8. Yeni Bir Başlangıç

Cuba Gooding Jr. - En İyi Yardımcı Erkek Oyuncu

"Yeni Bir Başlangıç", 1990’ların en çok alıntı yapılan filmlerinden biri olarak sinema tarihine geçti ve gerçek bir romantik klasik haline geldi. Başroldeki etkileyici performansıyla Tom Cruise’un En İyi Erkek Oyuncu dalında aday gösterilmesi son derece yerindeydi; ancak En İyi Yardımcı Erkek Oyuncu ödülünü kazanan Cuba Gooding Jr. hâlâ akıllarda soru işareti bırakıyor.

Harika performanslarla dolu bir filmde Gooding en zayıf halkaydı ve sonraki yıllarda kariyerinin sönük ilerlemesi, bu ödülü Oscar tarihinin en israf edilmiş zaferlerinden biri haline getiriyor. Sert bir yorum olabilir ama gerçek şu ki Gooding bu ödülü hak etmemişti. Ödül "İlk Korku"daki Edward Norton’a ya da "Fargo"daki William H. Macy’e gitmeliydi.

Yeni Bir Başlangıç Konusu

Jerry Maguire (Tom Cruise) Uluslararası Spor İdaresi'nin (SMI) en üst temsilcisi olarak camianın tartışmasız lideridir. Jerry güzel nişanlısı Avery Bishop'a (Renée Zellweger) bağlıdır ve iyi bir ilişkileri vardır. Tek sorun Jerry'nin kendini otomatik pilota bağlamış olmasıdır. Jerry SMI için yazdığı "Düşündüklerimiz ve Söyleyemediklerimiz: İşimizin Geleceğidir" sloganı yüzünden işler karışır ve işten çıkarılır. İşinden atılmış ama kendine güvenli ve kim olduğunun farkında olarak her şeye sıfırdan başlamak zorunda kalır.

9. Kör Nokta

Sandra Bullock - En İyi Kadın Oyuncu

Sandra Bullock, "Kör Nokta" filmindeki rolüyle En İyi Kadın Oyuncu Oscar’ını kazandı, ancak film genel olarak oldukça sıradan bulundu.

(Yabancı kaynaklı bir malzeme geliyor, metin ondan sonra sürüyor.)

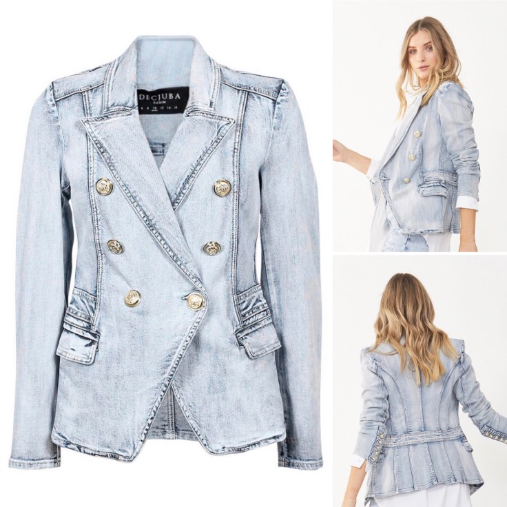 A cheaper alternative is the Ellen Denim Blazer $149.94 AUD available at Decjuba
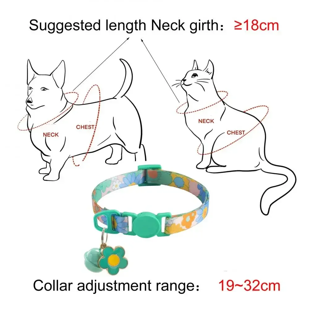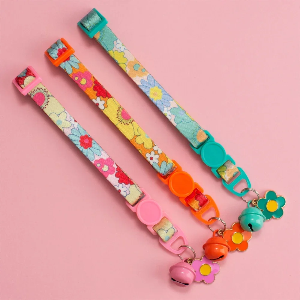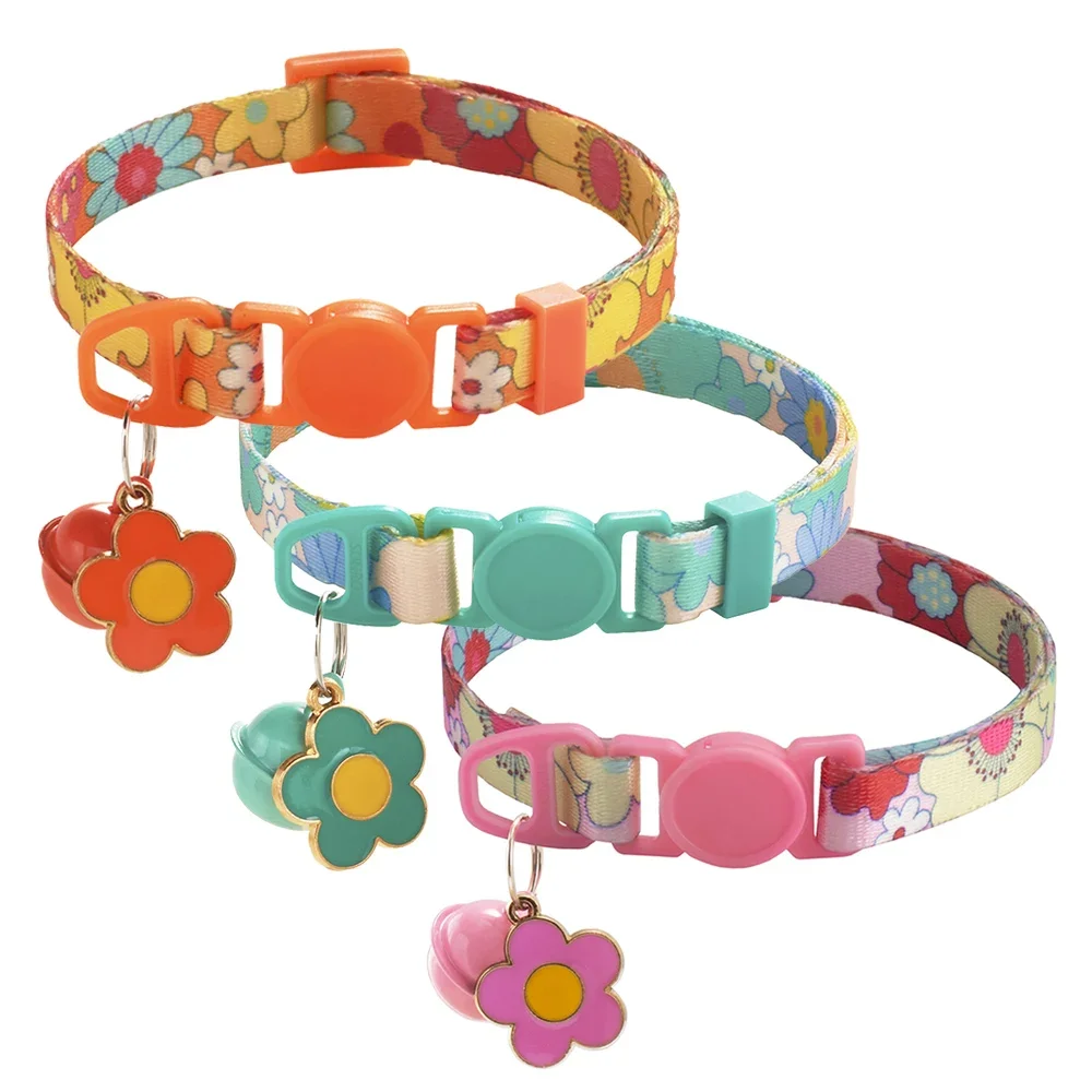Floral Cat Collar Colorful Flower Pendant Necklace Safety Breakaway Quick Release Flowers Cat Collar with Bells Cat Accessories
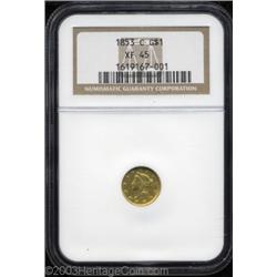 <TABLE cellSpacing=0 cellPadding=0 width="100%" bgColor=#000000 border=0><TBODY><TR><TD width="100%"><TABLE cellSpacing=1 cellPadding=3 width="100%" border=0><TBODY><TR><TD width="100%" bgColor=#79735c><FONT face=arial color=#ffffff size=3><B>Description</B> </FONT></TD></TR><TR><TD width="100%" bgColor=#ffffff><FONT face=arial size=2><B>1853-C G$1 XF45 NGC.</B></I> A scarce and often poorly produced Type One Charlotte issue, one of just 11,515 pieces struck in the final year of C-mint gold dollars. This coin does not show all of the planchet problems frequently seen on examples from this year, but the strike is somewhat soft on the hair curls and the date. The surfaces show a few small abrasions, and several heavier marks on the upper reverse. The color is a medium greenish-gold, and there is a thin coating of luster still clinging to each side. </FONT></TD></TR></TBODY></TABLE></TD></TR></TBODY></TABLE><BR><A name=PricesRealized></A><TABLE cellSpacing=0 cellPadding=0 width="100%" bgColor=#000000 border=0><TBODY><TR><TD width="100%"><TABLE cellSpacing=1 cellPadding=3 width="100%" border=0><TBODY><TR><TD width="100%" bgColor=#79735c><A name=PR><FONT face=arial color=#ffffff size=3><B>Previous Prices from Heritage Auctions</B> </FONT></A></TD></TR><TR><TD bgColor=#f6f6ed><TABLE cellSpacing=0 cellPadding=0 width="100%" border=1><TBODY><TR><TD align=middle width="33%"><B>Date</B></TD><TD align=middle width="33%"><B>Service</B></TD><TD align=middle width="33%"><B>Price</B></TD></TR><TR bgColor=whitesmoke><TD width="33%"><B>06/06/1997</B></TD><TD width="33%">PCGS</TD><TD width="33%">$1,006.25</TD></TR></TBODY></TABLE></TD></TR><TR><TD bgColor=#ffffff><FONT face=arial size=1 ?>PLEASE NOTE: All prices realized reflect the final hammer price PLUS the buyer's premium in auctions that charge a buyer's premium. Each item has a notation at the top of the listing indicating whether that lot included a buyer's premium. Example: A item that sells with a final hammer price of $100 and a 20% buyer's premium will display with a price realized of $120. All information listed is intended to be as accurate as possible, but errors are possible. Please use this guide carefully and inform us of any inaccuracies. </FONT></TD></TR></TBODY></TABLE></TD></TR></TBODY></TABLE><BR><TABLE cellSpacing=0 cellPadding=0 width="100%" bgColor=#000000 border=0><TBODY><TR><TD width="100%"><TABLE cellSpacing=1 cellPadding=3 width="100%" border=0><TBODY><TR><TD width="100%" bgColor=#79735c colSpan=6><FONT face=arial color=#ffffff size=3><B>Price Guide*</B> </FONT></TD></TR><TR bgColor=#f6f6ed><TD align=middle><B>Grade</B> </TD><TD align=middle><B>Coin World<BR>(Trends)</B> </TD><TD align=middle><B>Numismedia<BR>Retail</B> </TD><TD align=middle><B>Numismedia<BR>Wholesale</B> </TD><TD align=middle><B>Coin<BR>Universe</B> </TD><TD align=middle><B>Heritage<BR>Value Index</B> </TD></TR><TR bgColor=#ffffff><TD align=middle>40</TD><TD align=right>$1,400.00</TD><TD align=right>---</TD><TD align=right>$1,250.00</TD><TD align=right>$1,300.00</TD><TD align=right>$915.00</TD></TR><TR style="FONT-WEIGHT: bold" bgColor=#cccfdd><TD align=middle>45</TD><TD align=right>---</TD><TD align=right>---</TD><TD align=right>---</TD><TD align=right>---</TD><TD align=right>$1,088.06</TD></TR><TR bgColor=#ffffff><TD align=middle>50</TD><TD align=right>$2,000.00</TD><TD align=right>---</TD><TD align=right>$1,500.00</TD><TD align=right>---</TD><TD align=right>$1,261.11</TD></TR><TR bgColor=#ffffff><TD colSpan=6><FONT size=1>*All information listed is intended to be as accurate as possible, but errors are possible. No item may be returned or refused based on this information which is provided as a service to our customers. You should contact each pricing source directly to determine the accuracy of this information. </FONT></TD></TR></TBODY></TABLE></TD></TR></TBODY></TABLE><BR><TABLE cellSpacing=0 cellPadding=0 width="100%" bgColor=#000000 border=0><TBODY><TR><TD width="100%"><TABLE cellSpacing=1 cellPadding=3 width="100%" border=0><TBODY><TR><TD width="100%" bgColor=#79735c><FONT face=arial color=#ffffff size=3><B>Population Guide</B> </FONT></TD></TR><TR bgColor=#ffffff><TD align=middle><!-- Begin Output of Population Grid--><TABLE cellSpacing=0 cellPadding=0 width="100%" border=0><TBODY><TR><TD vAlign=center><TABLE cellSpacing=0 width="100%" border=1 cellsadding="3"><TBODY><TR><TD vAlign=center><TABLE cellSpacing=0 cellPadding=3 width="100%" border=1><TBODY><TR><TD vAlign=center align=middle bgColor=#f0f1e8 colSpan=2 <CENTER><FONT face=Arial size=2><B>PCGS Pop </B></FONT><CENTER></CENTER></TD><TD vAlign=center align=middle bgColor=#f0f1e8 colSpan=2><CENTER><FONT face=Arial size=2><B>NGC Pop</B></CENTER></FONT></TD></TR><TR><TD vAlign=center><FONT face=Arial size=2>(45)</FONT> </TD><TD vAlign=center align=right><FONT face=Arial size=2>8</FONT> </TD><TD vAlign=center><FONT face=Arial size=2>(45)</FONT> </TD><TD vAlign=center align=right><FONT face=Arial size=2>3</FONT> </TD></TR><TR><TD vAlign=center><FONT face=Arial size=2>(>45)</FONT> </TD><TD vAlign=center align=right><FONT face=Arial size=2>52</FONT> </TD><TD vAlign=center><FONT face=Arial size=2>(>45)</FONT> </TD><TD vAlign=center align=right><FONT face=Arial size=2>73</FONT> </TD></TR></TBODY></TABLE></TD></TR></TBODY></TABLE></TD></TR></TBODY></TABLE><!-- End Output of Population Grid--> Important notice: Heritage usually auctions material at the rate of 200-250 lots per hour. On some occasions eBay Live bid software or the Internet may not be able to keep up with the pace of the auction. We recommend placing a realistic absentee bid now as insurance to avoid disappointment. Occasionally the auctioneer may eliminate or reject an eBay Live bid, and the auctioneer may also reopen a lot after the close of the eBay live bidding (usually because we missed an audience bid), and may reject your bid even if it shows you as the winning bidder. By bidding via eBay Live, you agree that Heritage may award the lo

Bir futbolcunun yoksulluktan çıkarak NFL’de başarıya ulaşmasını anlatan bu spor dramasında Bullock’un evlat edinen anne Leigh Anne Tuohy rolü keyifliydi, ancak En İyi Kadın Oyuncu ödülünü hak edecek derinlikte değildi.

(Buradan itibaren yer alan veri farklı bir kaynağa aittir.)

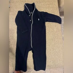 Baby Boys Ralph Lauren Navy Blue Sweater Romper 12 mos
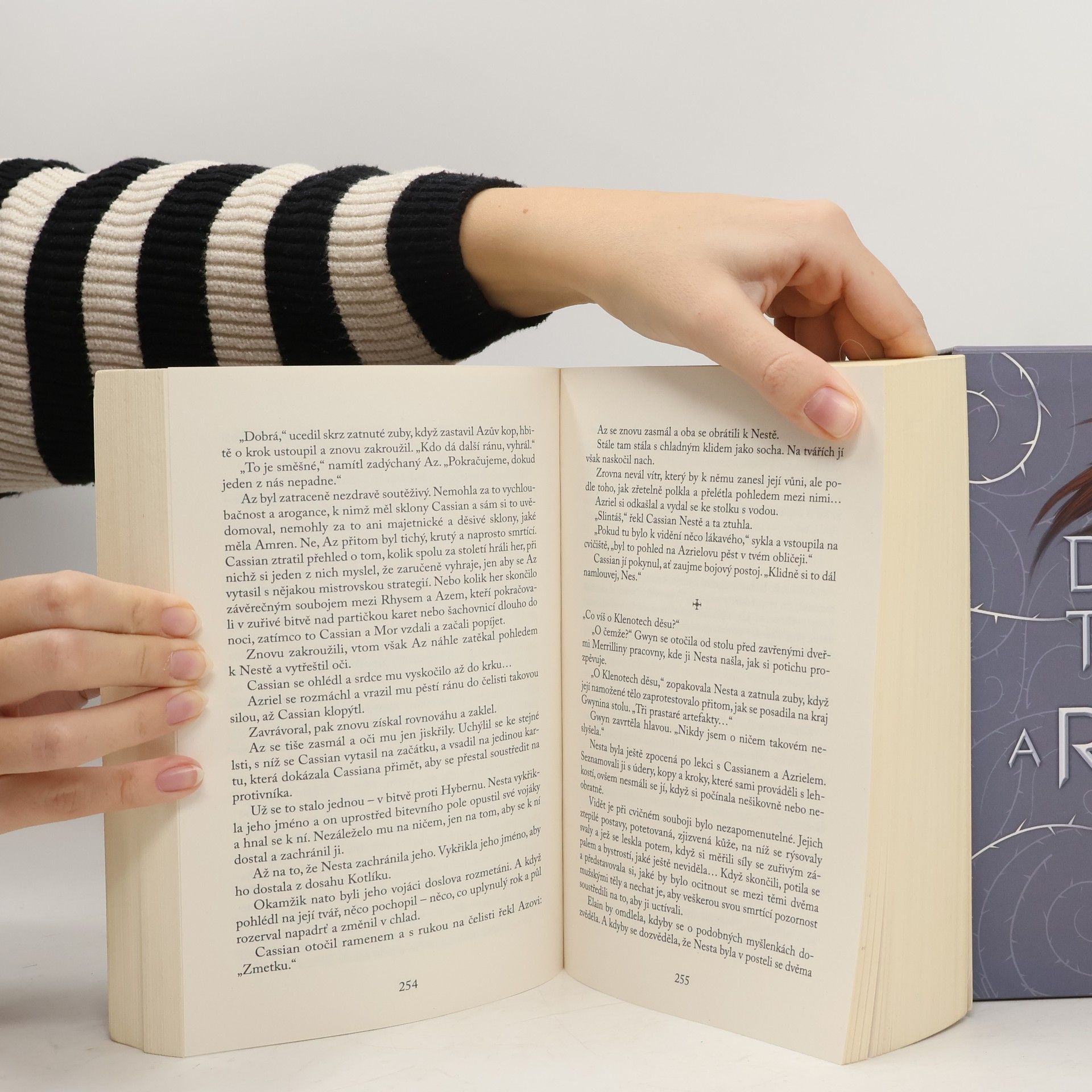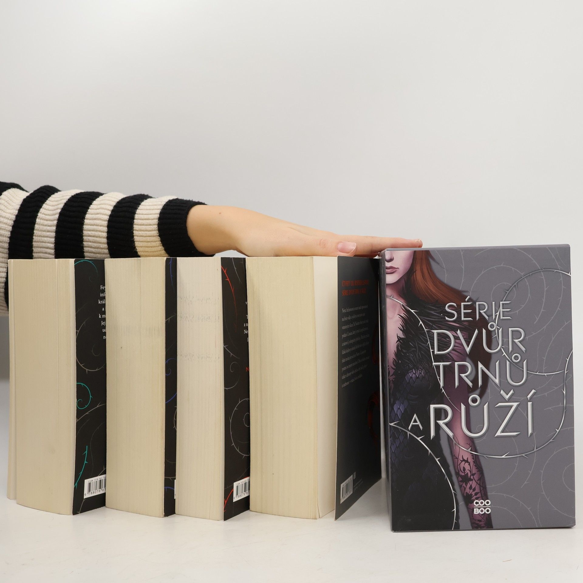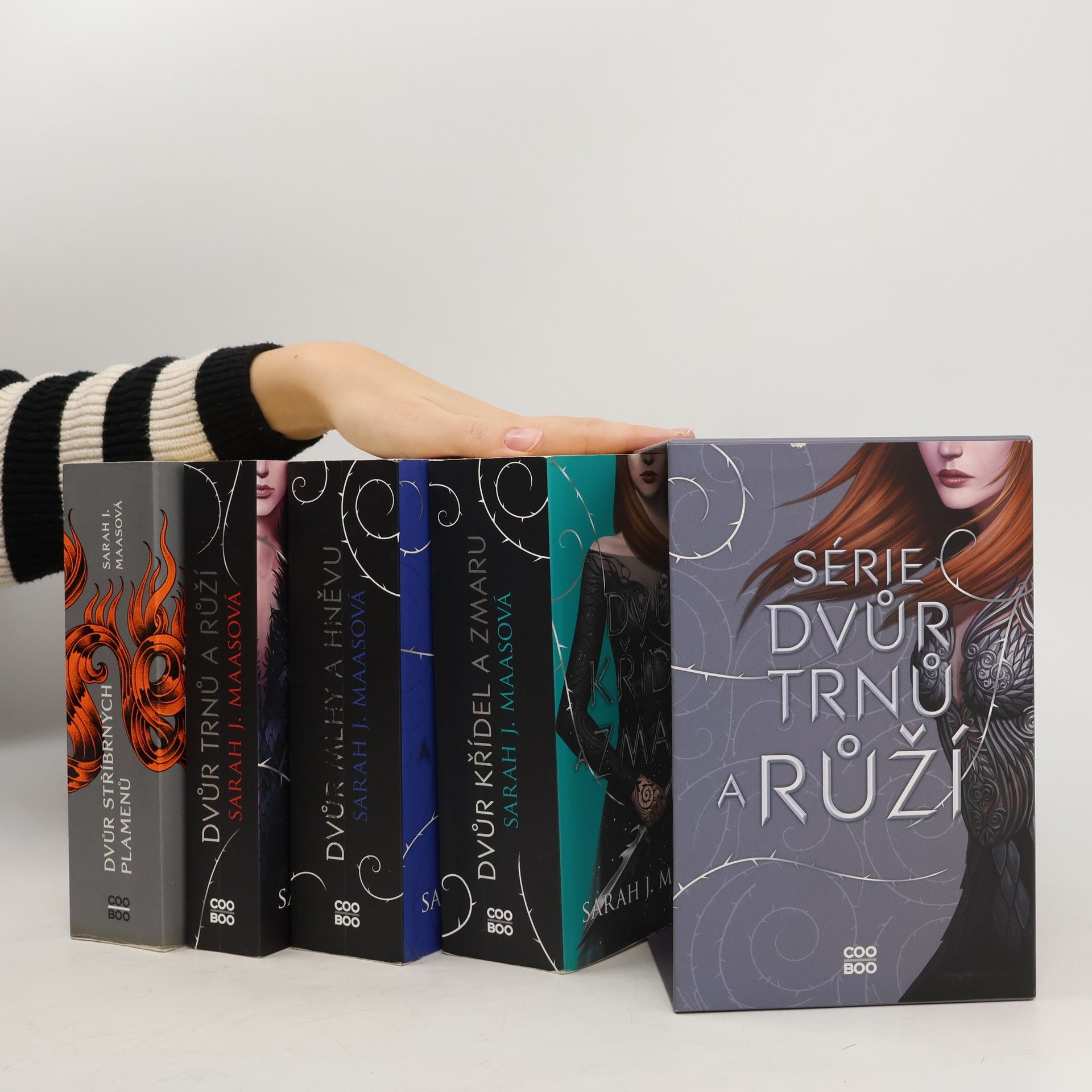 Série Dvůr trnů a růží v jednom boxu.Když devatenáctiletá lovkyně Feyre zabije v lese vlka, odvleče ji podivný tvor do svého doupěte, které se ukáže být jiným světem. Tam zjišťuje, že únosce není zvíře, ale jedna z nesmrtelných bytostí, které kdysi vládly světu. Nenávist se postupně mění v lásku a Feyre musí přijít na způsob, jak zachránit tajuplný svět i svého únosce. Úžasný a mrazivý příběh na motivy Krásky a Zvířete.

Bullock’un bu rolü zamanla değer kaybetmiş olsa da, espri anlayışı hiç eskimedi. Aynı yıl hem Razzie hem de Oscar kazanan tek kadın oyuncu olarak tarihe geçti. Üstelik Bullock, Oscar’dan bir gece önce, kötü performansıyla anılan "All About Steve" filmi için verilen Razzie ödül törenine bizzat katılıp ödülünü esprili bir şekilde kabul etmişti.

Kör Nokta Konusu

Michael Lewis'in "The Blind Side: Evolution of the Game" adlı kitabından uyarlanan film evsiz bir çocukken iyi bir aile tarafından büyütülerek NFL'de en iyi oyuncu seçilen Michael Oher'in hayatını anlatıyor.

10. Sıradan İnsanlar

Sıradan İnsanlar - En İyi Film

Hollywood efsanesi Robert Redford, yönetmenliğe En İyi Film Oscar’ını kazanan aile draması "Sıradan İnsanlar" ile adım attı. Bir oğullarını kazada kaybeden, diğerinin ise intihar girişiminde bulunduğu varlıklı bir ailenin krizini anlatan film etkileyiciydi; ancak kazandığı Oscar, aynı yıl yarıştığı filmlerin kalitesi düşünüldüğünde zamanla değerini yitirdi.

1980 sinema açısından olağanüstü bir yıldı ve geriye dönüp bakıldığında David Lynch’in "Fil Adam"i ile Martin Scorsese’nin "Kızgın Boğa"u ödülü çok daha fazla hak ediyordu. Redford, "Sıradan İnsanlar" ile yetenekli bir yönetmen olduğunu kanıtladı, ancak bu film o başyapıtların mirasına erişemedi.

Sıradan İnsanlar Konusu

Beth ve Calvin oğulları Conrad ile yaşayan bir ailedirler. Büyük oğullarını bir tekne kazasında kaybetmişlerdir ve zor günler yaşamaktadırlar. Conrad bu ölümden kendisini sorumlu tutmaktadır. Bu zor günlerde onu ayakta tutan tek şey ise psikiyatristidir.